Long-term comparison of everolimus- vs. novolimus-eluting bioresorbable vascular scaffolds in real world patients.

ABSTRACT

INTRODUCTION: Elevated risk of adverse events in comparison to metallic stents resulted in withdrawal of everolimus-eluting bioresorbable scaffolds (eBVS), known as the most intensively studied BVS. There is a paucity of data comparing the two different BVS. AIM: To evaluate the long-term clinical outcomes of the novolimus-eluting bioresorbable vascular scaffold (nBVS) compared with eBVS. MATERIAL AND METHODS: Consecutive patients treated with nBVS or eBVS in our center were screened. The primary outcome was the 3-year rate of major adverse cardiovascular events (MACE), defined as the composite of cardiac death, target vessel myocardial infarction (TV-MI), and target-lesion revascularization (TLR). RESULTS: After matching, 98 patients treated with 135 eBVS were compared with 98 patients treated with 136 nBVS. Baseline characteristics, clinical presentation, and lesion characteristics were comparable in both groups.
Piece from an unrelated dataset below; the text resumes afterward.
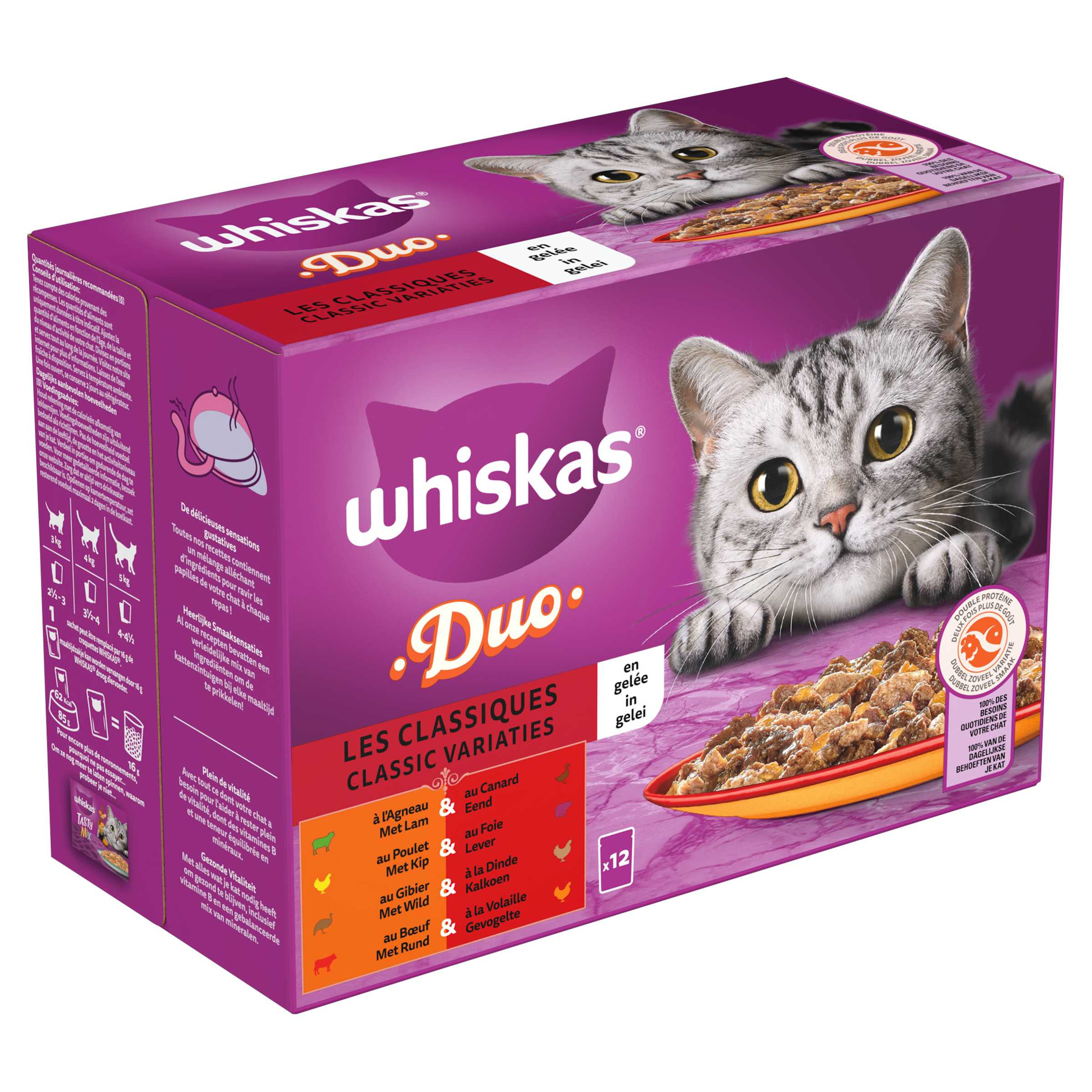 Whiskas 1+ Duo Classic Variations i gelé våtfoder katt multipack (85 g) innehåller 12 läckra, kompletta måltider för din vuxna katt. Förpackningen består av 3 x 4 olika recept som din katt kommer att älska.

The 3-year MACE rate was higher in the eBVS group (17.3% vs. 6.1%; p log-rank = 0.02). The occurrence of TLR (16.3% vs. 5.1%; p log-rank = 0.02) and TV-MI (8.2% vs. 0 %; p log-rank = 0.004) was also higher in the eBVS group except for cardiac deaths (1% vs. 2%; p log-rank = 0.98, eBVS vs. nBVS, respectively). Of note, definite device thrombosis rate was markedly increased in the eBVS group (5.1% vs. 0%; p log-rank = 0.03). CONCLUSIONS: The present study revealed that the 3-year event risk was lower for nBVS compared to eBVS. More evidence is needed to evaluate long-term performance of novolimus-eluting biovascular platforms.